Status TransposeIntsWithNullBitmap(const DataType& src_type, const DataType& dest_type,
                     const uint8_t* src, uint8_t* dest, int64_t src_offset,
                     int64_t dest_offset, int64_t length, const int32_t* transpose_map,
                     const uint8_t *null_bitmap) {
  TransposeIntsSrcWithNullBitmap transposer{src, dest, src_offset, dest_offset,
                              length, transpose_map, dest_type, null_bitmap};
  return transposer(src_type);
}
mapleFU commented 1 day ago

I mean, the internal::TransposeInts might not designed for null-inputs, so, the I think TransposeIntsWithNullBitmap is a good way, but perhaps we need to find which caller triggers this problem.

There're TransposeDictIndices and concatenate which calls TransposeInts, so i mean which caller might trigger this problem?
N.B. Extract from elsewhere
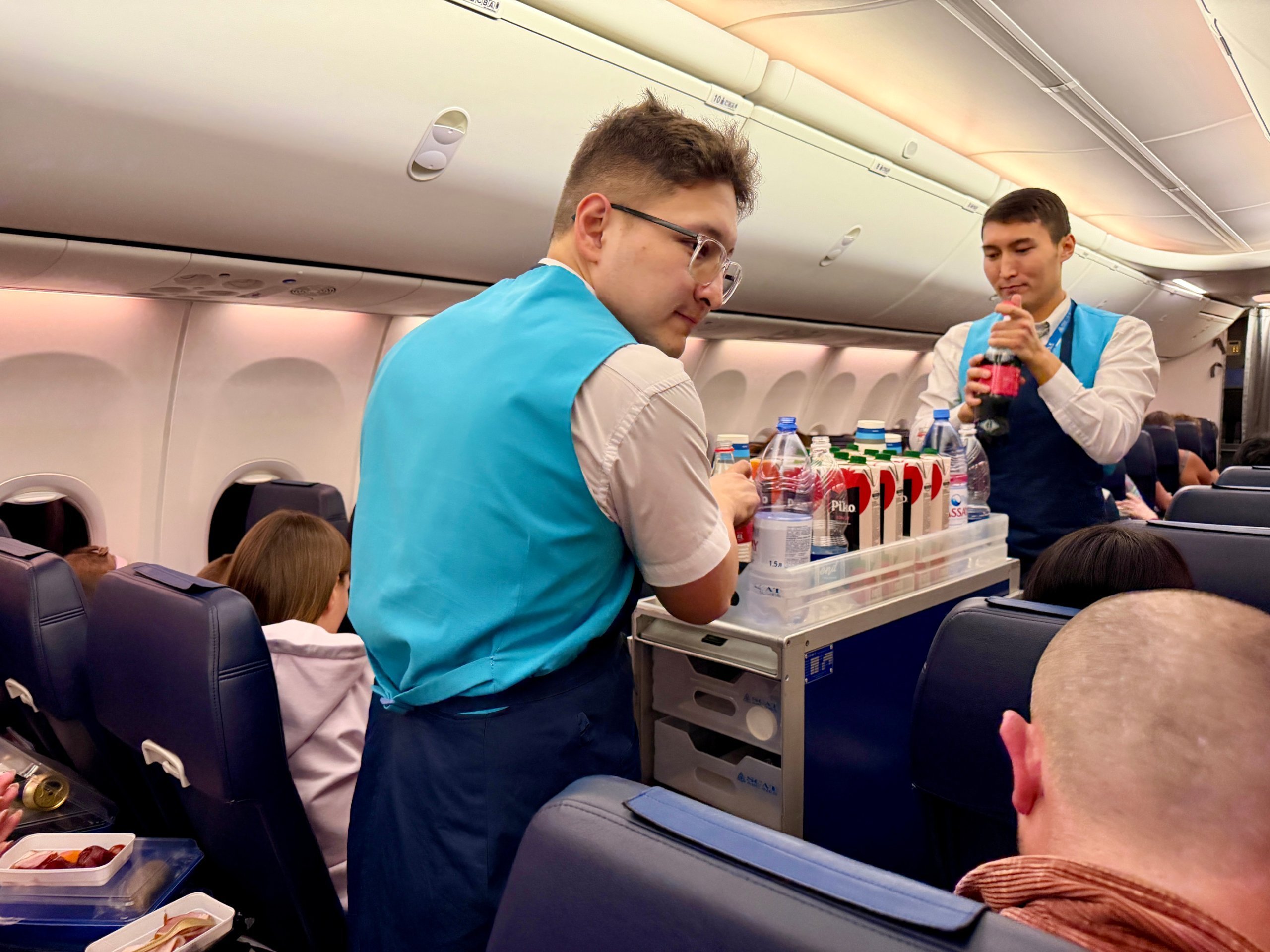 Περίπου μία ώρα μετά την απογείωση, το πλήρωμα της πτήσης άρχισε να στήνει το σέρβις και να μοιράζει αναψυκτικά. Υπήρχε πάντα μια επιλογή από κοτόπουλο και ζυμαρικά ή μοσχάρι και ρύζι.

chenbaggio commented 1 day ago

TransposeDictIndices is the trigger, you can consturct a dictionary array with null value, and its index set to a massive value, the issue may reproduced

mapleFU commented 1 day ago

I've check the code of CompactTransposeMapVisitor and RecursiveUnifier::Unify, in tuition they didn't generate invalid ranges... I don't know which caller would make this happens 🤔, would you mind show the upper caller of this case, or add a test in this case?

chenbaggio commented 20 hours ago

here the test case:

  1. read one group of data from database storage and construct a dictionary array dictionary ['ab', 'cd'] index [1, 1, 0, 0] => here index is int32 data type, in memory[0x00000001, 0x00000001, 0x00000000, 0x00000000] nullbitmap nullptr

  2. read another group of data from database storage and construct a dictionary array dictionary ['ab', 'ef'] index [1, 1, 0, null] => here index is int32 data type, in memory[0x00000001, 0x00000001, 0x00000000, random_value] nullbitmap [0001]

NOTE: the group of data would be unified the dictionary with the ahead dictionary ["ab", "cd"]

  1. the two group of data are unified in the application for purpose get unified dictionary dictionary ['ab', 'cd', 'ef'] index transpose array for the second group of data [1, 2] the index [1, 1, 0, null] after refresh should be [2, 2, 1, null]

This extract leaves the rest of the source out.